* Work to be completed:
Only the lines from the one containing "topi pantai anti" through the end of the data below are to be repeated, exactly as given, without pictures.

* Source data:

═══

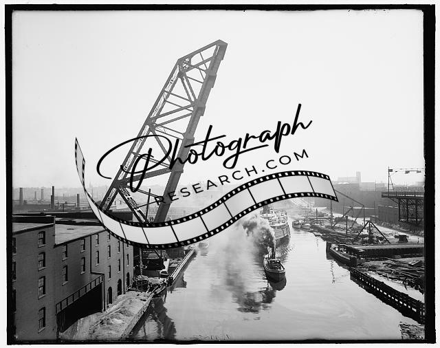 Lift bridge,Superior Avenue viaduct,steamers,boats,ships,Cleveland,Ohio,OH,1900
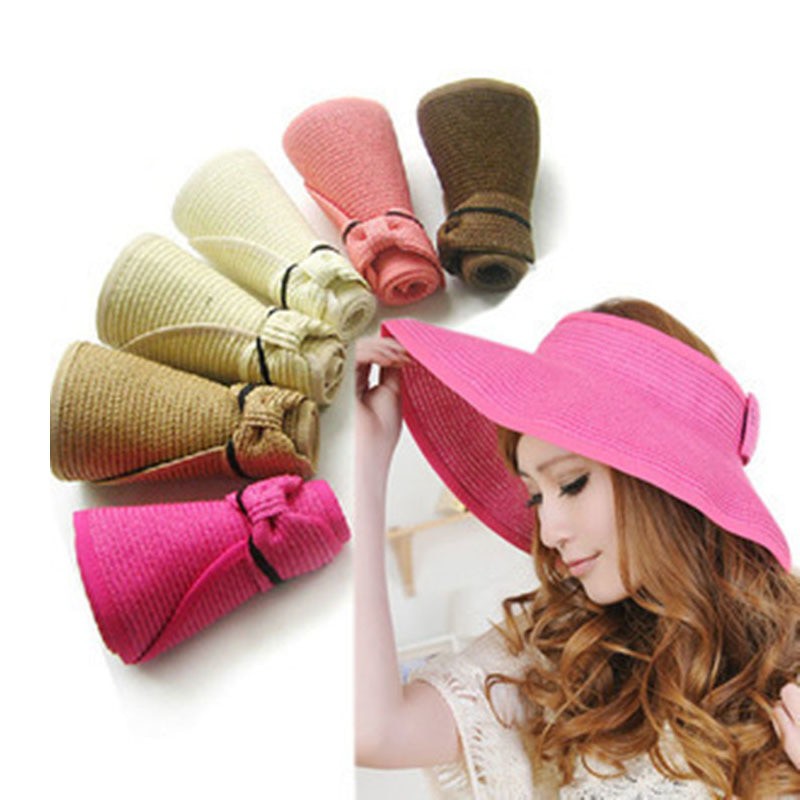 topi pantai anti uv wanita dengan model modis berpita berguna mencegah sinar matahari, nyaman dikenakan dan mudah dibawa kemana-mana karena bisa digulung .
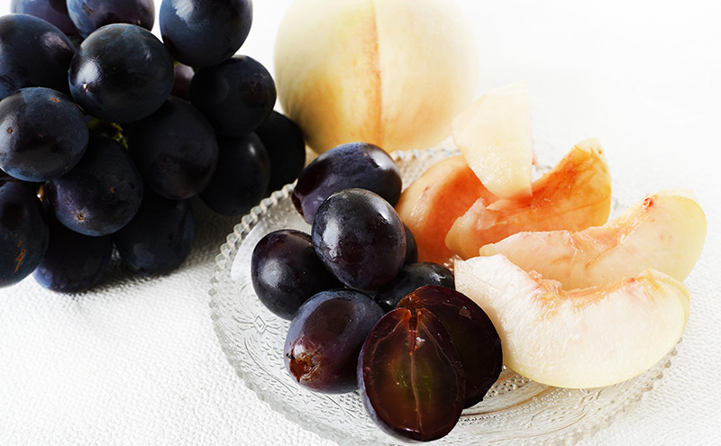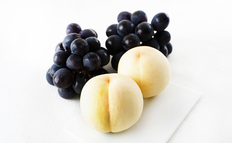 - 桃 ぶどう 2026年 先行予約 果物詰合せ 白桃 2玉(1玉200g以上) ニュー ピオーネ 2房(合計約940g)化粧箱入り 岡山県産 国産 フルーツ 果物 ギフト 贈り物 セット

═══

* Finished task:
 topi pantai anti uv wanita dengan model modis berpita berguna mencegah sinar matahari, nyaman dikenakan dan mudah dibawa kemana-mana karena bisa digulung .
 - 桃 ぶどう 2026年 先行予約 果物詰合せ 白桃 2玉(1玉200g以上) ニュー ピオーネ 2房(合計約940g)化粧箱入り 岡山県産 国産 フルーツ 果物 ギフト 贈り物 セット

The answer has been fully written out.